Newsweek Blunder

Must Newsweek magazine — one of the stars of the American press, so often shown as an example in our country — sink so low as to have such a front page this week? A photo of President Nicolas Sarkozy, with a rather distrustful expression, to illustrate this title: “A New Extremism in Europe.”

Newsweek is losing steam. It needs readers. But must it resort to journalistic prostitution? It’s true that the French press has not been very nice to George Bush, to say the least. Americans, annoyed at this, are now finding a way to get revenge.

Easy and dishonest: first, because the writer of the article is neither a journalist nor an American, but a working deputy in Great Britain. Denis MacShane delivers his opinion, one of a man who hasn’t liked France for quite a long time.
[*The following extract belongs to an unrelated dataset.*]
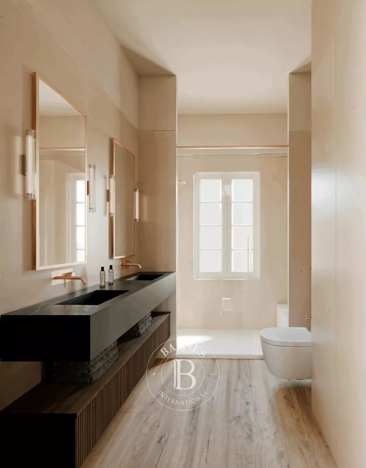 La partie nuit comprend quatre chambres doubles, dont une magnifique suite parentale avec salle de bain privative, ainsi que deux autres salles de bain complètes, toutes réalisées avec un design raffiné et des matériaux de première qualité.

Next, this front page doesn’t correspond at all to the inside three-page article, which is dedicated rather to the emergence of the far right into the Swedish parliament. Only a few lines are reserved for the French political situation, and to the expulsion of the Gypsies. It really is robbery. Where’s the information?

True, things aren’t exactly perfect in France, and Sarkozy has a lot of faults. But to make him look like an extremist really rings of the same “over-the-top” business as those who said, not long ago, that Bush was worse than his enemy, Saddam Hussein.